Compared to the other ‘main’ fruits like apples and oranges, I couldn’t think of many associations off the top of my head, so I turned to the internet.
Throughout history, strawberries have remained a symbol of sweetness and goodness. In ancient Nordic culture, the spirits of dead babies grew into strawberries, as which they would be disguised from darkness as they ascended to heaven. So, the berries were often not eaten.. Strawberries were a gift from Freya/Frigga, who was a goddess of many things, including beauty, love and fertility, and cried tears of gold. Upon the transition to Christianity, it was Mary who was adopted the association with strawberries. She was said to love them so much that anyone who entered the gates of heaven with strawberry juice on their lips would be turned away.
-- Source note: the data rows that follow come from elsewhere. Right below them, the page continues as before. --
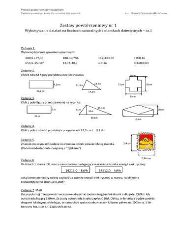 Przed egzaminem gimnazjalnym Zadania powtórzeniowe dla uczniów klas trzecich opr. Urszula Oprawska-Abdułłajew Zestaw powtórzeniowy nr 1 Wykonywanie działań na liczbach naturalnych i ułamkach dziesiętnych – cz.1 Zadanie 1. Wykonaj działania sposobem pisemnym: 288,5+37,43 100·40,756 142,34:100 4,8:0,16 654,5-457,87 12,34·40,7 4,8:16 0,348:0,03 Zadanie 2. Oblicz obwód figury przedstawionej na rysunku 9,1cm 12cm 23,2m 11,3m 23,2 cm 12cm 20cm 17,5m 20cm Zadanie 3. Oblicz pole figury przedstawionej na rysunku 9m 25,2m 11m 20cm 10m 23 m 28,6m Zadanie 4. Oblicz pole i obwód prostokąta o wymiarach 12,3 cm i 18,6m 3,1 dm. Zadanie 5. Znaczek ma wymiary podane na rysunku. Oblicz powierzchnię znaczka. (Pomiń niedokładność związaną z ”ząbkami”) 3,4 cm 2,34 cm Zadanie 6. W dniach 1 marca i 31 marca zanotowano następujące wskazania licznika energii elektrycznej: 14211,0 kWh 14512,0 kWh Jaką kwotę pieniędzy należy zapłacić za zużycie energii elektrycznej w marcu, jeżeli jedna kilowatogodzina kosztuje 0,20zł? Zadanie 7. (0-4) Do popularnej miejscowości wczasowej dojechać można drogami lokalnymi o długości 230km lub autostradą liczącą 250km. Za jazdę autostradą trzeba zapłacić 10zł. Oblicz, o ile tańsza będzie podróż drogami lokalnymi zakładając, że samochód spala na obu trasach 6 litrów paliwa na 100km a, 1 litr benzyny kosztuje 4zł. Zapis obliczenia. Przed egzaminem gimnazjalnym opr. Urszula Oprawska-Abdułłajew Zadania powtórzeniowe dla uczniów klas trzecich Zadanie 8. (0-2) Boisko szkolne jest czworokątem o bokach: 139m, 111m, 125m, 116m. Zostało one ogrodzone siatką. W ogrodzenie wmontowano dwie stalowe bramy każda o szerokości trzech metrów. Ile metrów bieżących siatki zużyto na ogrodzenie boiska? Zapisz obliczenia. Zadanie 9. (0-1) Podczas spaceru po lesie turysta zauważył wiewiórkę, która w sześciu równych skokach pokonała drogę o szerokości 5,3 m. Podaj z dokładnością do jednego miejsca po przecinku średnią długość pojedynczego skoku wiewiórki. A. 0,7 m B. 0,8 m C. 0,9 m D.1,0 m Zadanie 10. (0-1) Za autobus, wynajęty na wycieczkę do lasu, należało zapłacić 276 zł. Jaki był koszt przejazdu dla każdej z 23 wyjeżdżających osób? A. 6,75 zł B. 11,25 zł C. 12 zł D. 72 zł Informacje do zadań 11. i 12. Rysunki przedstawiają wskazania wodomierza w dniach 1 września i 1 października. Zadanie 11. (0-1) Oblicz, zaokrąglając do całości, ile metrów sześciennych wody zużyto od 1 września do 1 października. 3 3 A. 16 m/ 3 B. 17 m/ 3 C. 18 m/ D. 22 m/ Zadanie 12. (0-1) 3 Pierwszego października wodomierz wskazywał 126,205 m/. Jakie będzie wskazanie tego wodomierza po zużyciu kolejnych 10 litrów wody? 3 A. 136,205 m/ 3 B. 127,205 m/ / 3 C. 126,305 m/ / D. 126,215 m 3 Zadanie 13. (0-5) Przyrodnicy musza kupić 49 namiotów. Mają na ten cel 14 000zł. W sklepie znajdują się namioty w dwóch gatunkach. Namioty pierwszego gatunku kosztują 350zł za sztukę, zaś drugiego gatunku 250zł. Jaką największą liczbę namiotów pierwszego gatunku mogą kupić? Zapisz obliczenia. W zestawie wykorzystano materiały opracowane przez OKE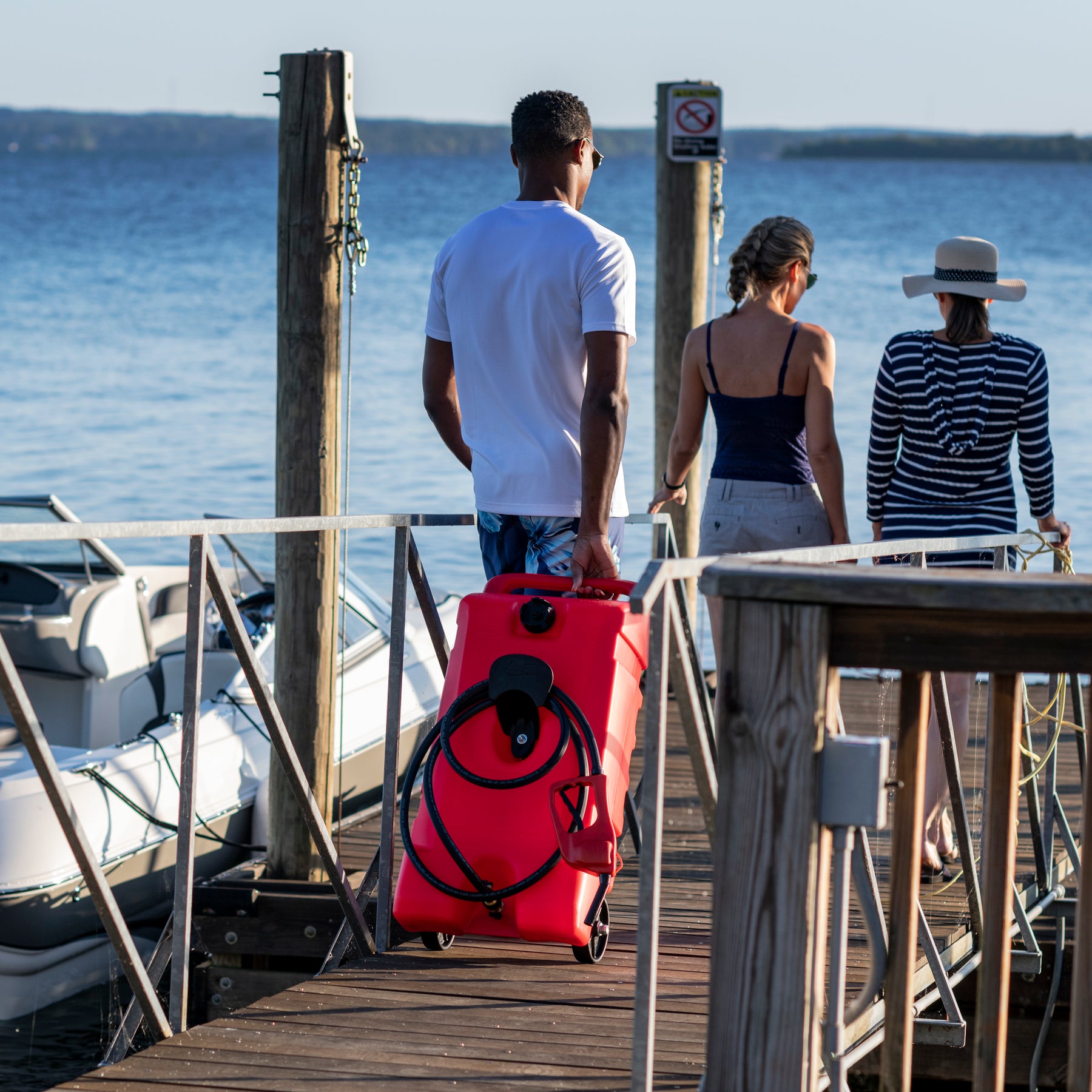 • 14-gallon fuel can includes 10-foot long fuel hose with siphon pump and pump holder handle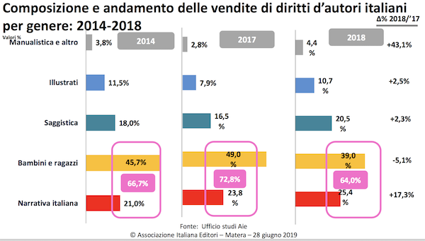而就版權(quán)銷售而言,意大利圖書市場也有增幅,主要是兒童圖書以及敘事文學(xué)類,其在整個(gè)版權(quán)市場中所占比例,在2018年達(dá)到了64%。

In Shakespeare’s Othello, the handkerchief of Desdemona (who is first epitomised as sweetness itself, so that her character may be besmirched) is embroidered with patterns of strawberry plants. It later is spotted with red blood in her murder.
In Bavarian folk tradition, strawberries were gathered and hung in baskets from the horns of cows to ask local nature spirits for healthy calves, and strawberry leaves in a woman’s pocket would help relieve the pains of pregnancy. The Romans believed strawberries alleviated misery. The Seneca people of the northeastern US associated the fruit with rebirth, and believed they grew along the path to heaven.
Strawberries were a symbol of Aphrodite also, and they remain a ‘sexy’ fruit, usually when with chocolate. Folklore says that those who share a strawberry will fall in love.
However, during the middle ages, the berries were eschewed by the upper classes after an abbess declared that they were not fit for eating, because they were close to the ground where toads and snakes did slither.
Strawberries have remained an icon of sweetness, EG, Strawberry Shortcake (or her cat, as featured her), and as such are open to be subverted, as by Strawberry Switchblade.
The Strawberry Moon is the name given long ago to the full moon of June, since this was the time of year that wild strawberries fruited.
Her tattoos feature some weird strawberry worship from Hieronymous Bosch’s ‘Garden of Earthy Delights’, and of the Beatles, plus the original ‘Strawberry Hill’ signage.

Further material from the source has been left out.